Published onDec 02, 2020
Citation-ID proposal + schema

I'd like a Citation ID is to clarify how parsing is improving over time -- "C192b + 193 newly identified, C51 reclassified as line noise, intent of C22 was different across 3 source but has now converged on 'ironic result confirmation, in passing' ".  WP citations are cleanly delineated, but not persistently numbered, so it's currently hard to talk about how a specific cite changes over time. ("the citation for <string> pointing to <url>"?)

citation ID [CID]: something unique to each instance of a citation within a document.  Ex: the WP article on the Internet Archive has 111 refs, and 14 repeated refs.  That would be 125 different CIDs, each with the same source (the article), a different location in the article, various citation strings (the ref text) and targets. As a document is edited, citation numbers would change but the CIDs usually would not.
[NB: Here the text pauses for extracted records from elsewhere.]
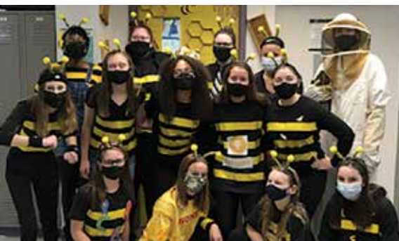
High school students decorated their lunch rooms
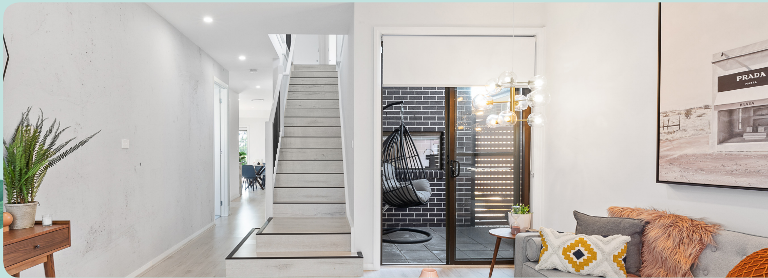
2600mm ceiling to ground floor.
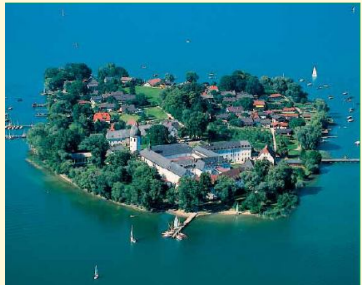
The Fraueninsel, where the EES Summer School will be held. Located southeast of Munich in Chiemsee.
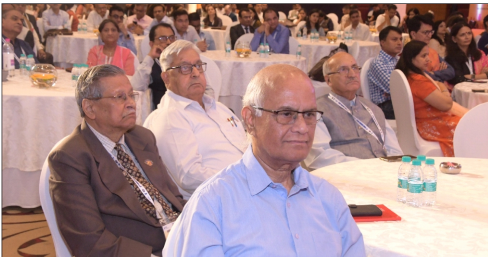
Inaugural Ceremony 2 nd National YUVA ISACON 2022, Haryana (14-15 October 2022)
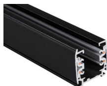
33233 TEAR N TR 2M-B

Track system component, TEAR N TR 2M-B, 3-circuit track, black, (33233)
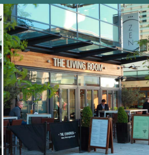
Client Lunch The Living Room

overlap across citation indexes : overlap in coverage (citations per document) and in the details of equivalent cites (maps b/t what they capture and infer).  It can be harder to properly get inline/repeated/abbreviated cites than to get the right total set of distinct cited sources. 

inferred cites : extract a cite string, reconcile its target.

citation intent :  scicite and scite have taxonomies for this (+ conf. scores)

confidence scores : separate confidence that a source string is a cite, that its target has been identified, that its intent has been well-classified.